## [WORK TO BE COMPLETED]
For the material below, return exactly the lines starting at the line containing "樂(lè)涔通過(guò)多" and ending at the line containing "茶色の丸皿に焼き魚が1切れ盛", both ends included, and no others.

## [GIVEN DATA]
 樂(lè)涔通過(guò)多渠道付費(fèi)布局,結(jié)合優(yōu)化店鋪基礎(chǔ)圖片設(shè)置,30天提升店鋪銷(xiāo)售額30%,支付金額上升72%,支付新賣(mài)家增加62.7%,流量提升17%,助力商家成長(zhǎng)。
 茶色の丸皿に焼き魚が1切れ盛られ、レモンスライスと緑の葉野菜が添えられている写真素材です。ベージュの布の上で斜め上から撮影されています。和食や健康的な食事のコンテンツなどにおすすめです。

* * *

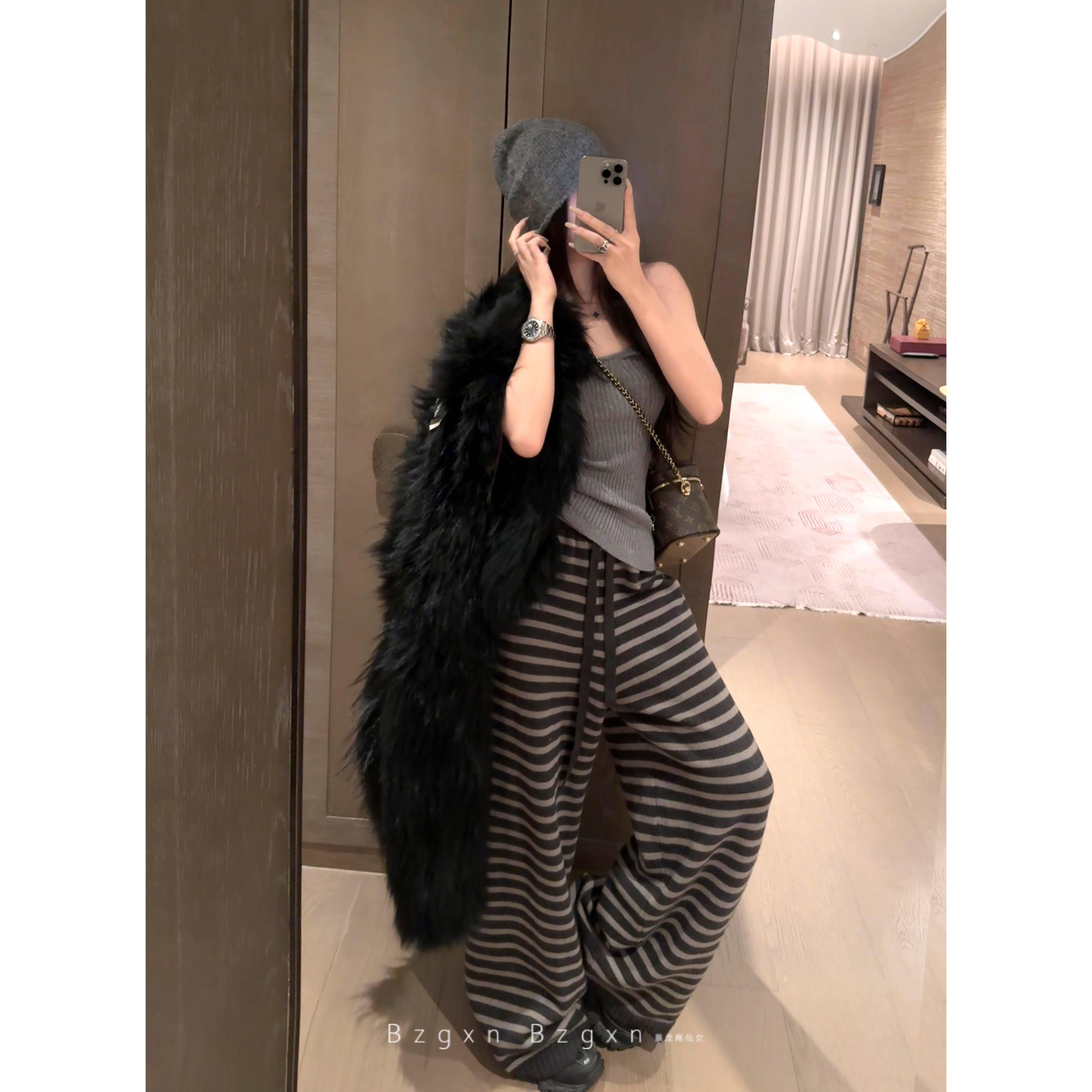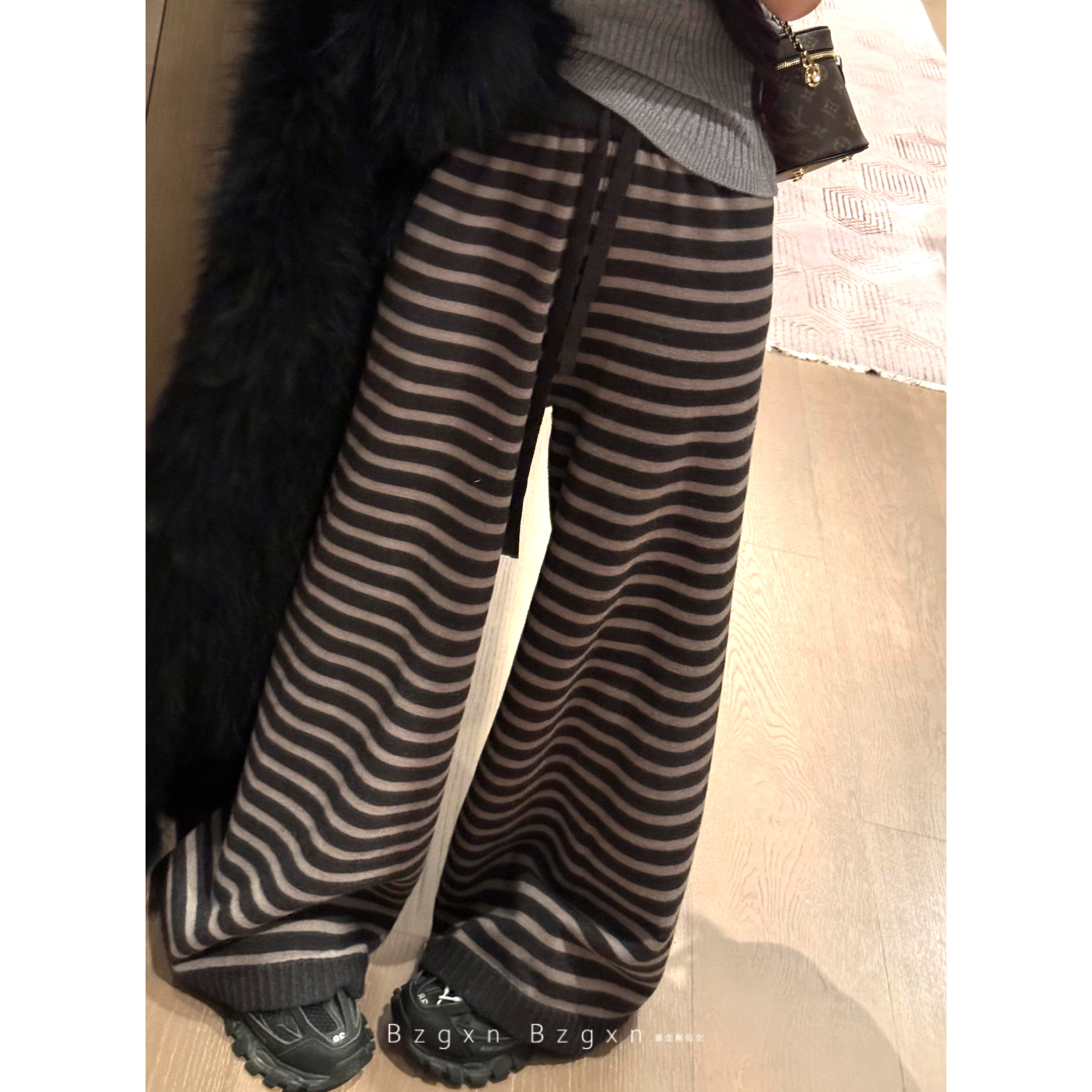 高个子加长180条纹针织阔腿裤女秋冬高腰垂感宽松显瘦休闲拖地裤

==

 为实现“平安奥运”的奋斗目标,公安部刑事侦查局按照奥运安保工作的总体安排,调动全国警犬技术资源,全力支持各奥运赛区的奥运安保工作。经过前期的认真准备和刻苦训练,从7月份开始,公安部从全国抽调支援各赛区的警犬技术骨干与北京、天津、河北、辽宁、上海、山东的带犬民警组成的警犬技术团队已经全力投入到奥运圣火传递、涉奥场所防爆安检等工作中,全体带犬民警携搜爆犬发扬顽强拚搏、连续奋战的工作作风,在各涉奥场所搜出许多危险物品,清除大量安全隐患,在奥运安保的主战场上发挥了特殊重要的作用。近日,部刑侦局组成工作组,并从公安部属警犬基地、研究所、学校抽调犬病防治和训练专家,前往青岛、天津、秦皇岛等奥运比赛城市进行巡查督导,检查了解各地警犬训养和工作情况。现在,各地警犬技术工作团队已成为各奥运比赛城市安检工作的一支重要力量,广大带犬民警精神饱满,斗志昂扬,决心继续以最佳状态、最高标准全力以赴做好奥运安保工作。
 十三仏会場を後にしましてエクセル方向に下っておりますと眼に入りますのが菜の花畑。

## [ANSWER TO THIS EXERCISE]
 樂(lè)涔通過(guò)多渠道付費(fèi)布局,結(jié)合優(yōu)化店鋪基礎(chǔ)圖片設(shè)置,30天提升店鋪銷(xiāo)售額30%,支付金額上升72%,支付新賣(mài)家增加62.7%,流量提升17%,助力商家成長(zhǎng)。
 茶色の丸皿に焼き魚が1切れ盛られ、レモンスライスと緑の葉野菜が添えられている写真素材です。ベージュの布の上で斜め上から撮影されています。和食や健康的な食事のコンテンツなどにおすすめです。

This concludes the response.